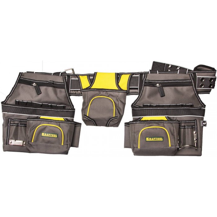 Пояс монтажника с 20 карманами и 2 подвесными подсумками, 2 петли для крепления молотка и рулетки KRAFTOOL 38742
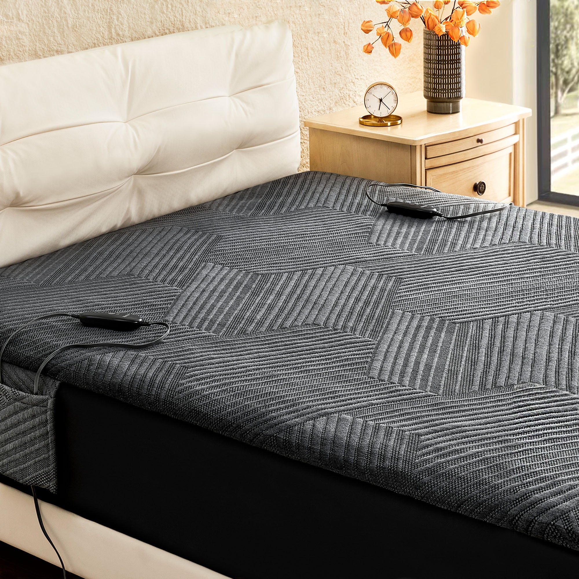 Added a side pocket on the mattress cover for the controller, with a single pocket on one side for twin and full sizes (single controller), and dual pockets on both sides for queen and king sizes (two controllers).
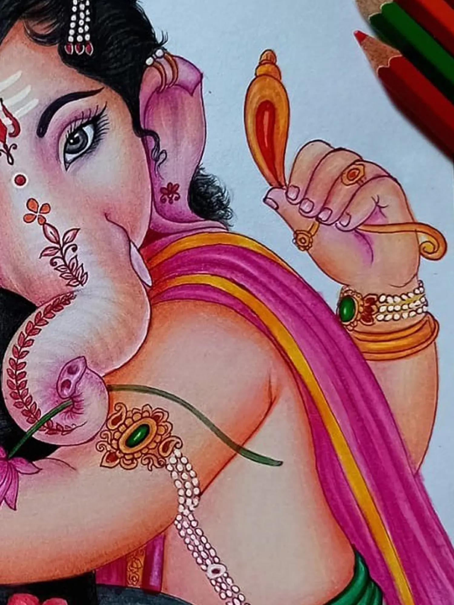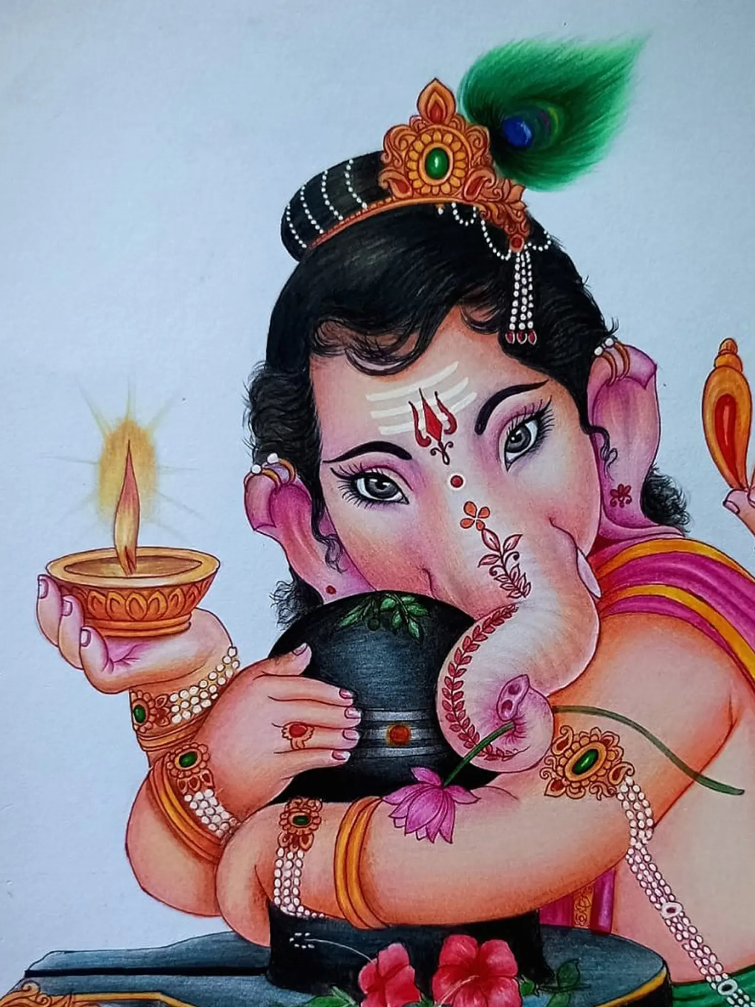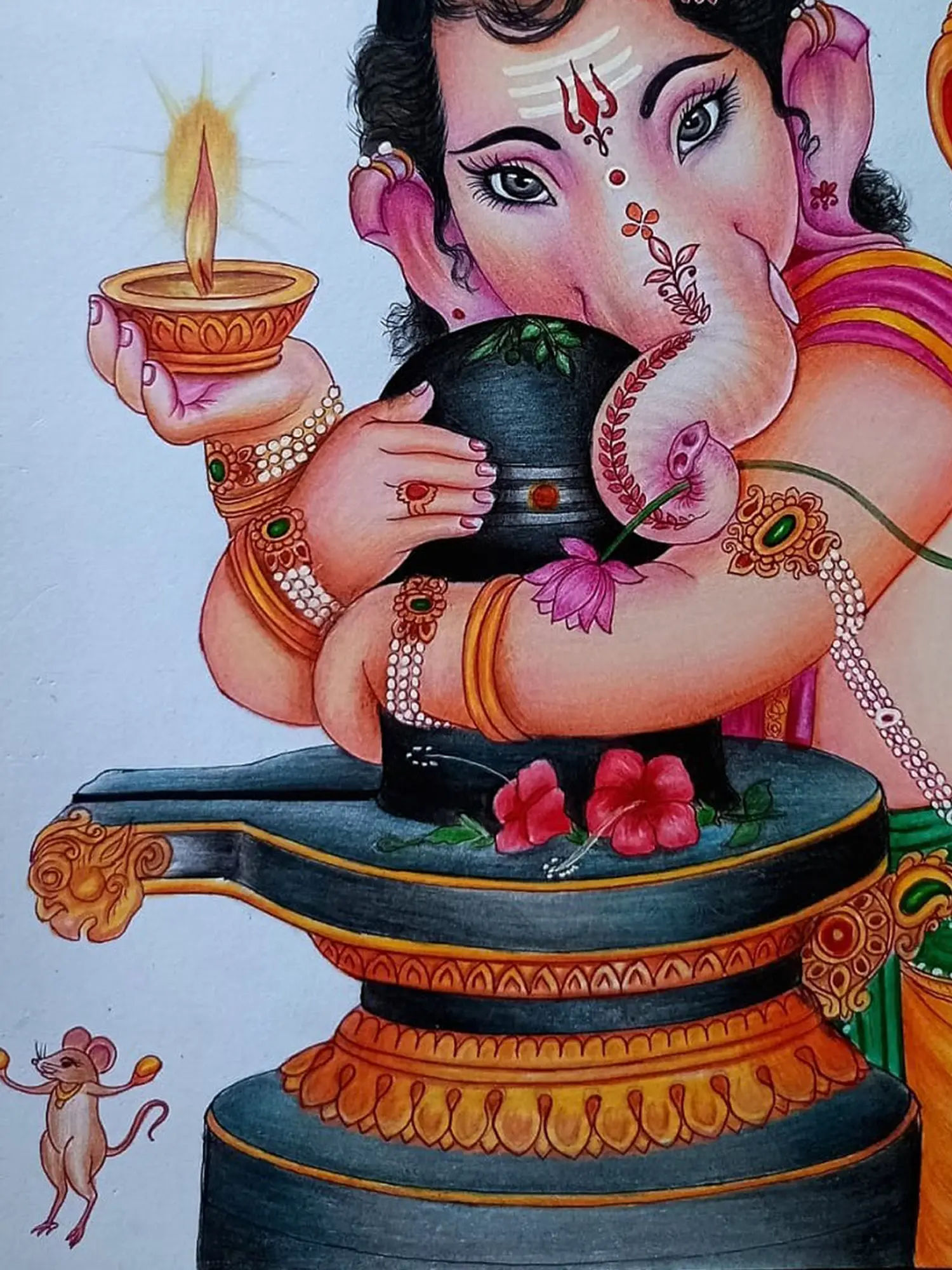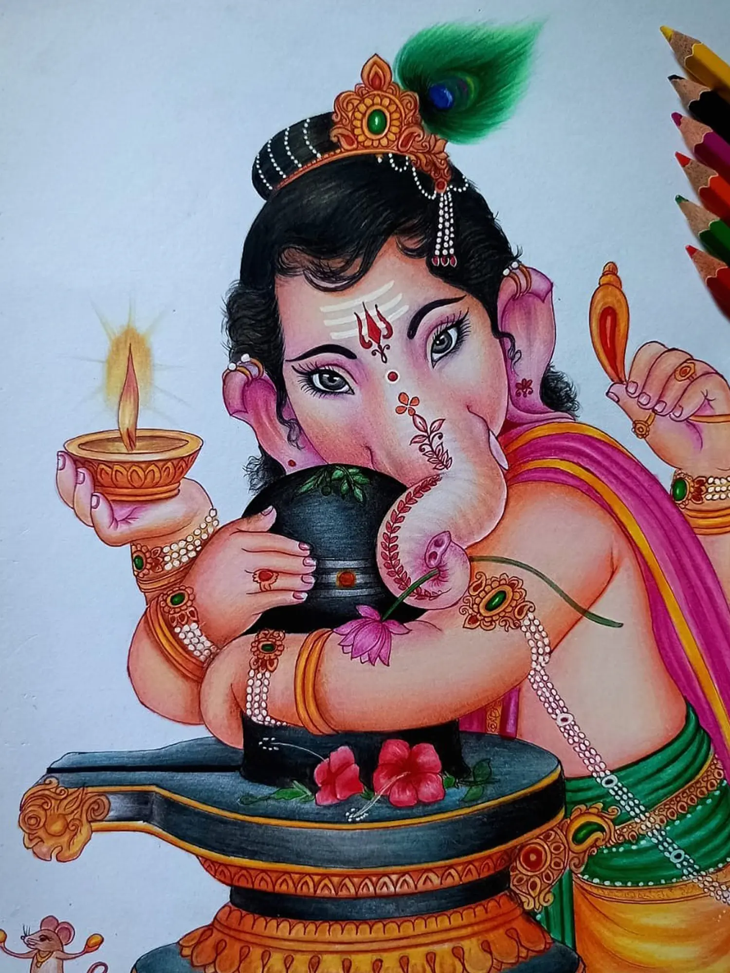 With delicate strokes of colour pencil, Sunil Kumar portrays the ethereal moment of Lord Ganesha embracing the sacred Shivling.
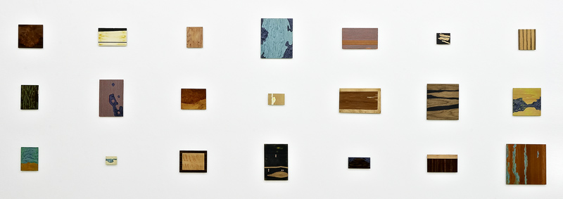 Der geschlossene Raum der Sprache (2009) / veneer, steel plates, acrylic paint, magnets / installation approx. 1,50 x 4,00 m
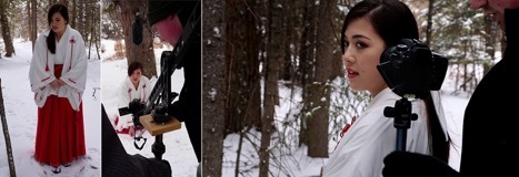 Shoot day dawned overcast—great conditions for shooting—but more than a little chilly at -16°C (3°F). Once the actress was ready, she and the five-person crew had to trek twenty minutes into the woods. And, of course, I was tagging along, determined not to miss out.
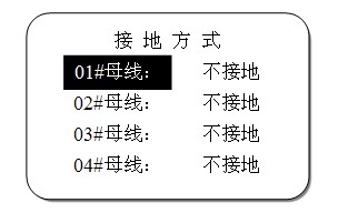 本菜單設(shè)置各段母線的接地方式,按上下方向鍵移動光標選擇需修改的參數(shù)項,按確認鍵進入修改狀態(tài),此時按方向鍵修改參數(shù),修改后按“確認”鍵保存,按“取消”鍵不做保
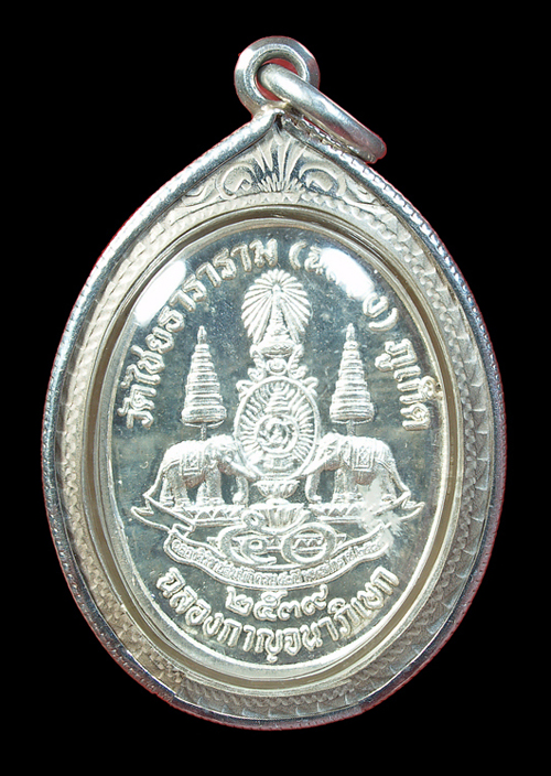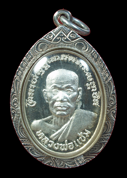 เหรียญหลวงพ่อแช่ม วัดฉลอง จ.ภูเก็ต ปี 39 เนื้อเงินพ่นทราย เลี่ยมเงิน
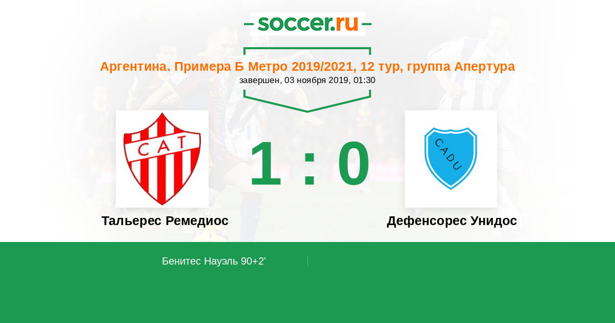 Протокол матча Тальерес Ремедиос против Дефенсорес Унидос
####################
▶ _Exercise goal_
Return the lines of the data above in full and exactly, with no pictures.

▶ _Answer space_
 Пояс монтажника с 20 карманами и 2 подвесными подсумками, 2 петли для крепления молотка и рулетки KRAFTOOL 38742
 Added a side pocket on the mattress cover for the controller, with a single pocket on one side for twin and full sizes (single controller), and dual pockets on both sides for queen and king sizes (two controllers).
 With delicate strokes of colour pencil, Sunil Kumar portrays the ethereal moment of Lord Ganesha embracing the sacred Shivling.
 Der geschlossene Raum der Sprache (2009) / veneer, steel plates, acrylic paint, magnets / installation approx. 1,50 x 4,00 m
 Shoot day dawned overcast—great conditions for shooting—but more than a little chilly at -16°C (3°F). Once the actress was ready, she and the five-person crew had to trek twenty minutes into the woods. And, of course, I was tagging along, determined not to miss out.
 本菜單設(shè)置各段母線的接地方式,按上下方向鍵移動光標選擇需修改的參數(shù)項,按確認鍵進入修改狀態(tài),此時按方向鍵修改參數(shù),修改后按“確認”鍵保存,按“取消”鍵不做保
 เหรียญหลวงพ่อแช่ม วัดฉลอง จ.ภูเก็ต ปี 39 เนื้อเงินพ่นทราย เลี่ยมเงิน
 Протокол матча Тальерес Ремедиос против Дефенсорес Унидос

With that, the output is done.